While it is true that the 2015 nuclear agreement had a limiting impact on Iran’s nuclear programme, it suffered from two major problems: its narrow scope and the absence of the regional players. Since 2015, both of these issues have become more, not less, important.

Supporters of the 2015 Iran nuclear deal – or Joint Comprehensive Plan of Action (JCPOA) – claim it was never intended to address issues beyond Tehran’s nuclear programme.

The hope was that it would provide a platform for collaboration on other issues, building trust and ultimately normalising the Islamic Republic. Yet just 13 days after it was signed in July 2015, Iran's Supreme Leader Ayatollah Ali Khamenei ruled out follow-on negotiations, saying that neither the deal nor any material incentives would alter his country’s support for its regional militias or its ballistic missile programme.

While a piecemeal approach to resolving disputes with Iran sounds plausible, in practice the nuclear agreement could not and cannot be separated from its regional destabilisation or its ballistic missile programme.

The then US President Donald Trump, above at a Stop The Iran Nuclear Deal protest in front of the U.S. Capitol in Washington, pulled out of the 2015 Joint Comprehensive Plan of Action in May 2018. Linda Davidson/The Washington Post via Getty Images
The then US President Donald Trump, above at a Stop The Iran Nuclear Deal protest in front of the U.S. Capitol in Washington, pulled out of the 2015 Joint Comprehensive Plan of Action in May 2018. Linda Davidson/The Washington Post via Getty Images

Indeed, one of the unintended consequences of the nuclear deal was that billions of dollars in sanctions relief that Iran received as a result enabled it to strengthen these other activities.

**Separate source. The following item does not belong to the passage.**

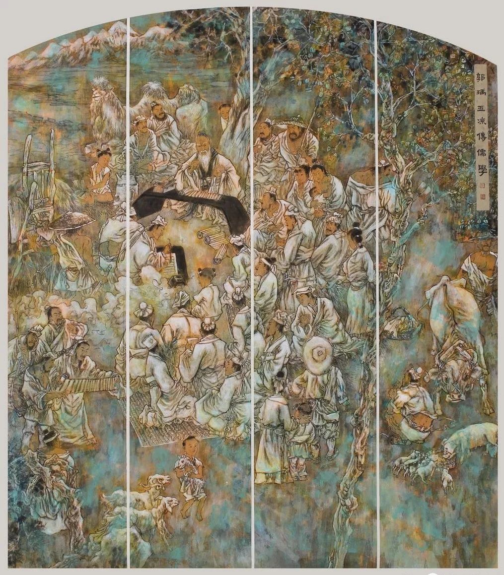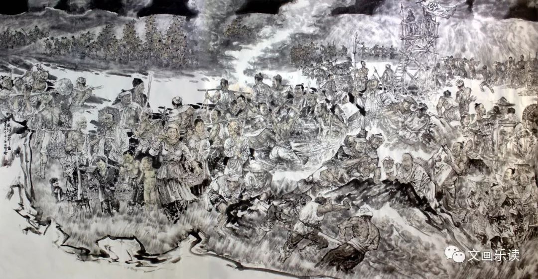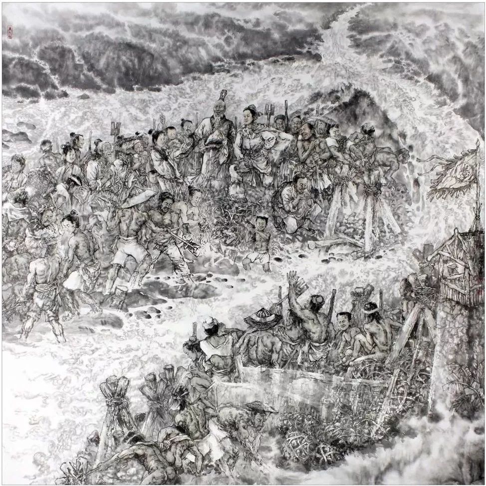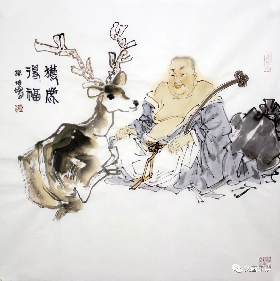 孙培增努力于水墨写意人物画,不畏艰难不断探索前进,这是我看重他的另一方面。水墨写意人物艺术是中国画传统中最为重要的种项,古代人物画积累了非常丰富的宝贵经验和珍贵的遗产,20世纪以来,中西文化交流,建立了新式的美术教育,吸收了西方写实人物技法,包括徐(悲鸿)蒋(兆和)体系在内,中国人物画艺术有了很大的发展,出现了许多优秀的人物画家和成功的里程碑式的作品。应该说,水墨写意人物画是一种具有相当难度的画法,要求画家经过严格的训练,不仅要谙熟人的自然生理形态,骨骼肌肉解剖结构,更要能够表现人在各种状态下的心理情感喜怒哀乐,除此之外,写意人物画还有更高的技艺的要求,即笔墨表现方面的提炼取舍,以书写的线条简练而具有表现力的描写对象,此外,在生宣纸上运用毛笔水墨的掌控能力难度也很大,并非一蹴而就的事情。近些年来,在中青年画家中,水墨写意人物画比起工笔画要有此消彼长之势,总起来看,原因不外乎工笔重彩画虽然制作费时但成功率相对于生宣水墨却比较高,逼真工细的制作总会让一些展会的评委们网开一面,这对迫于生活压力而急于出头的青年画家们来讲,也是无可奈何的。另一方面,毕竟会有不畏困难不计得失勇于攀登的人,在水墨写意人物画上大力投入。孙培增就是其中一位。

The rationale for excluding regional nations from talks with Tehran was, and remains, less justifiable. They are the direct targets of Iran’s foreign policy, which is still based on three ideological pillars: exporting its so-called Islamic Revolution; supporting Islamist and anti-western movements; and eradicating Israel.

In pursuing these objectives, the Islamic Revolutionary Guard Corps (IRGC) – the clerical regime’s ideological army – has for more than four decades supported a range of armed militias across the region, from grassroots groups with shared or tactical interests, such as Hamas and the Taliban, to manufacturing its own ideologically compliant militias such as Hezbollah in Lebanon.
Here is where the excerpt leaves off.